Clinical and genetic analysis of a family with myopathy caused by an FHL1 gene variant.
Shuyi Zhang, Xiaoli Cao, Xianghong Wu, Wen Huang
Abstract
Open AccessBackground: Variants in the FHL1 gene are associated with a spectrum of rare X-linked hereditary myopathies. This study describes the clinical presentation and genetic basis of a novel FHL1 variant identified in a Chinese family with an inherited myopathy, aiming to delineate its phenotypic and genotypic characteristics. Methods: Clinical data were collected from two symptomatic family members. The proband underwent a muscle biopsy. Genetic analysis was performed using whole-exome sequencing and Sanger sequencing of peripheral blood DNA. Bioinformatic tools were employed to predict the pathogenicity of the variant and its impact on protein structure and stability. Wild-type and mutant FHL1 constructs were transfected into 293 T cells to compare mRNA and protein expression levels via quantitative PCR and Western blot. Results: Affected family members exhibited progressive lower limb weakness and muscle atrophy. Muscle biopsy revealed mild myopathic changes without reducing bodies. A heterozygous FHL1 c.505T>C (p.C169R) variant was identified in the proband and other affected family members, while her nephew carried a hemizygous variant. Bioinformatics analysis predicted the variant to be damaging, and structural analysis indicated altered secondary structure and reduced protein stability.
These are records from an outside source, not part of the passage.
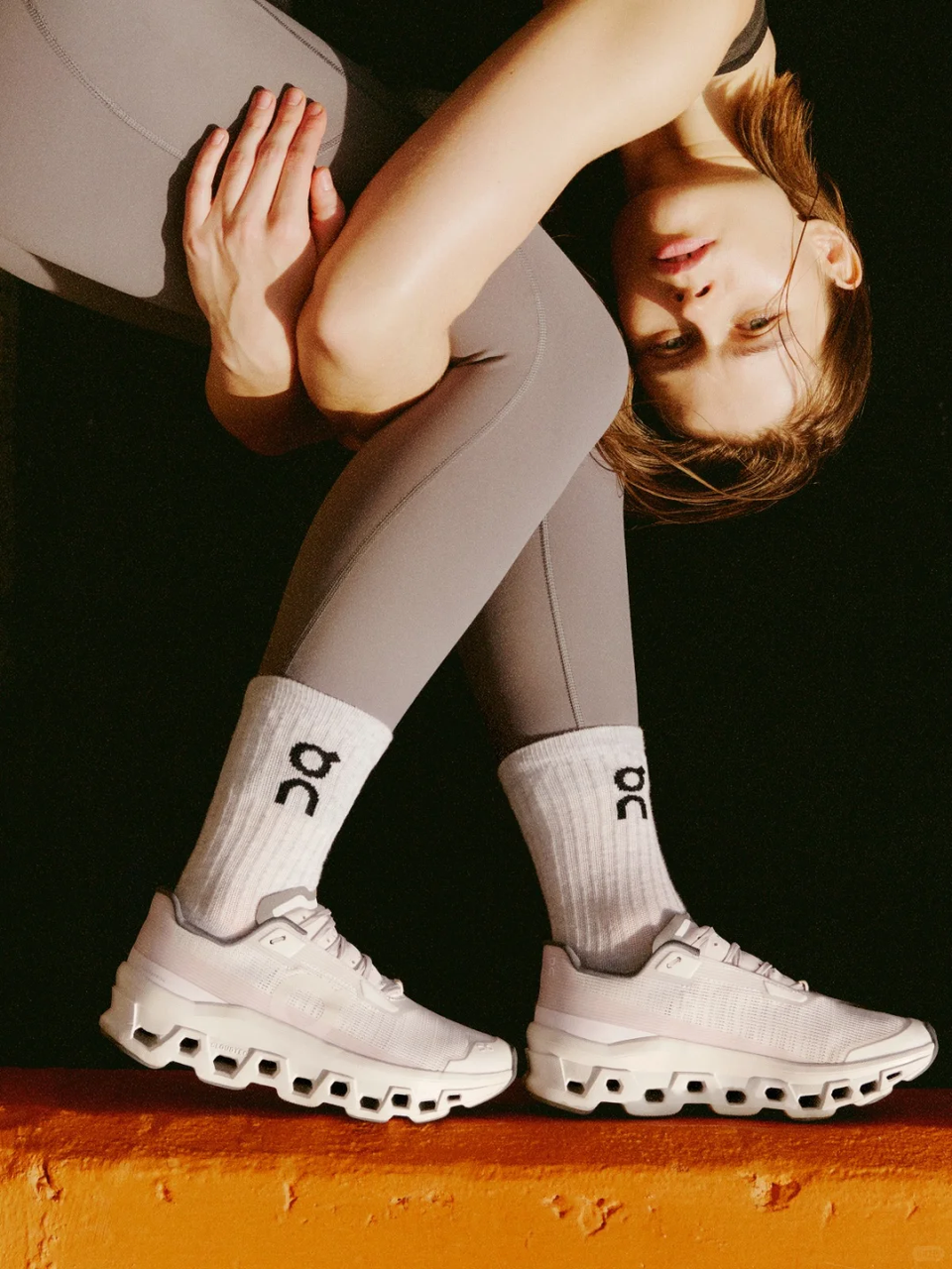 汽车行业白领王怀翎,2023年的时候买了一双昂跑小怪兽一代(Cloudmonster 1),她对昂跑的印象是,“潮流时尚,瑞士进口,有费德勒的光环”。她会在平日上班的时候穿这双鞋,白色款简约百搭,搭配休闲装以及衬衫西裤都很好看。
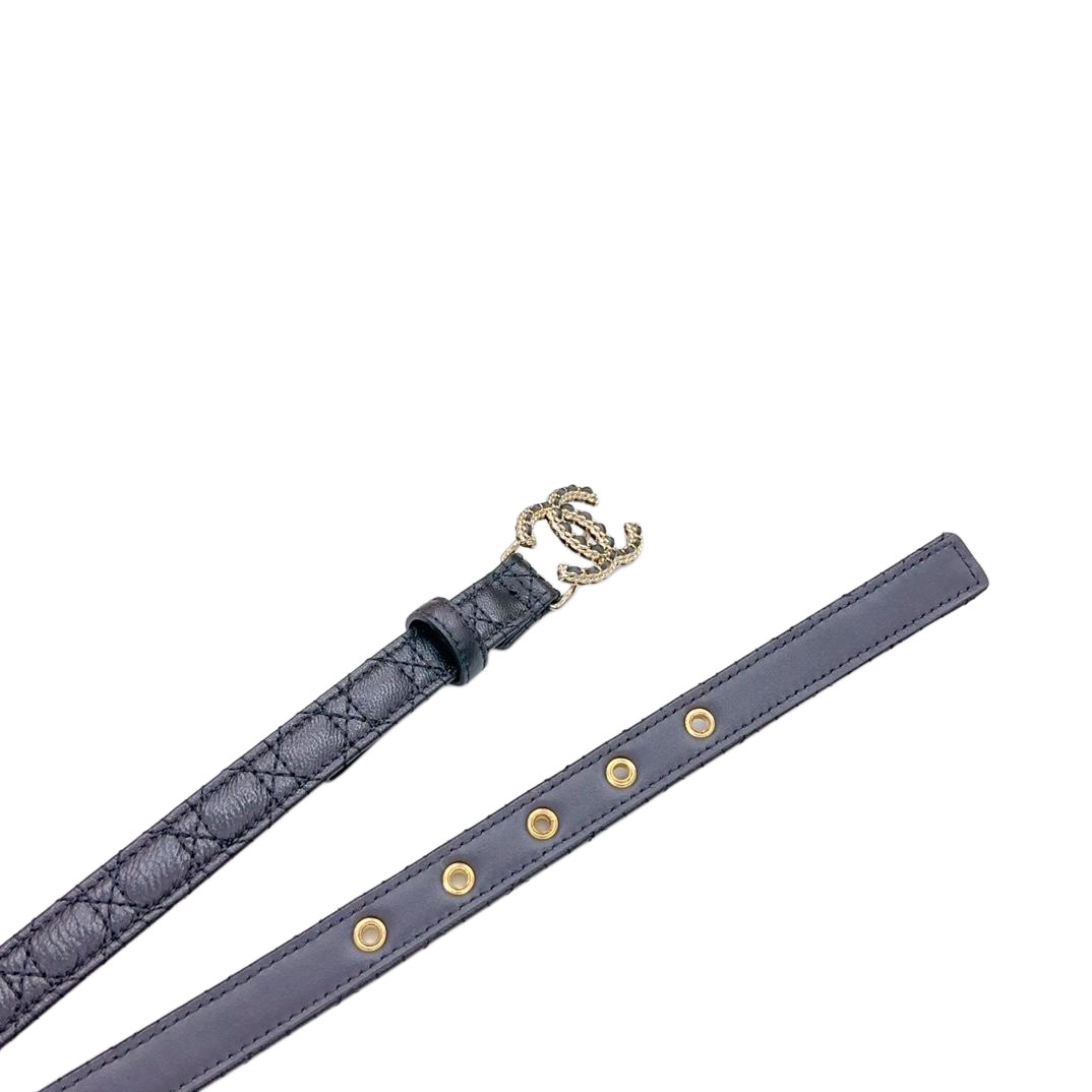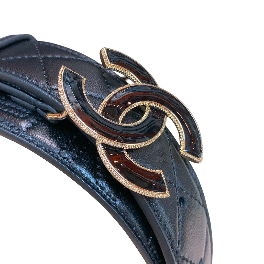 Chanel Women's CC Belt In Black/White Diamond Stitching Calfskin With Gold Hardware 30mm
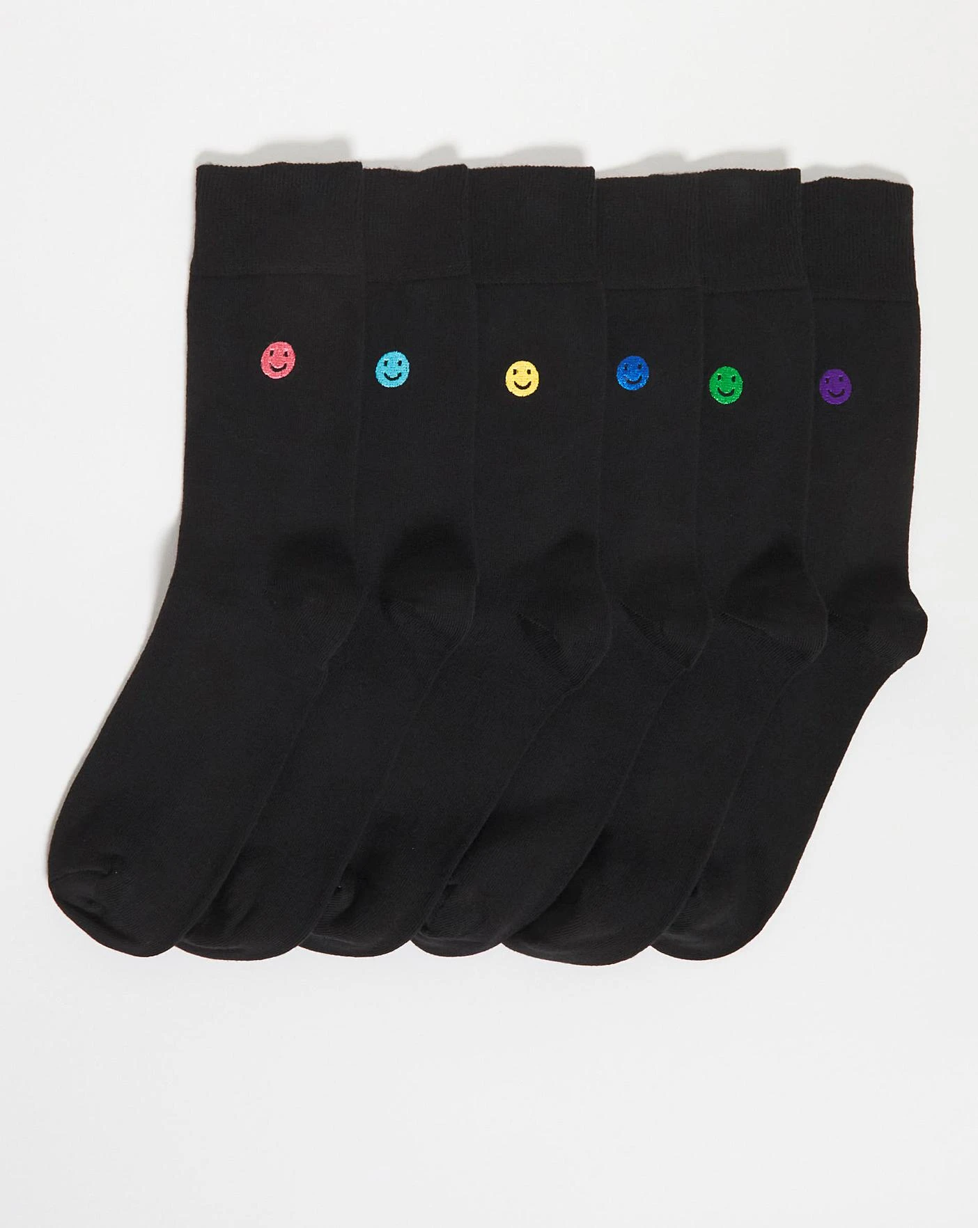 6 Pack Smiley Embroidery Socks

While mRNA levels remained unchanged in transfected 293 T cells, mutant FHL1 protein expression was significantly reduced in this heterologous system. Conclusion: The FHL1 c.505T>C (p.C169R) variant is likely pathogenic and associated with a familial myopathy. The reduction in mutant protein expression may contribute to the disease mechanism. This finding expands the spectrum of FHL1-related myopathy reported in the Chinese population and underscores the importance of integrated genetic and clinical analyses for diagnosis.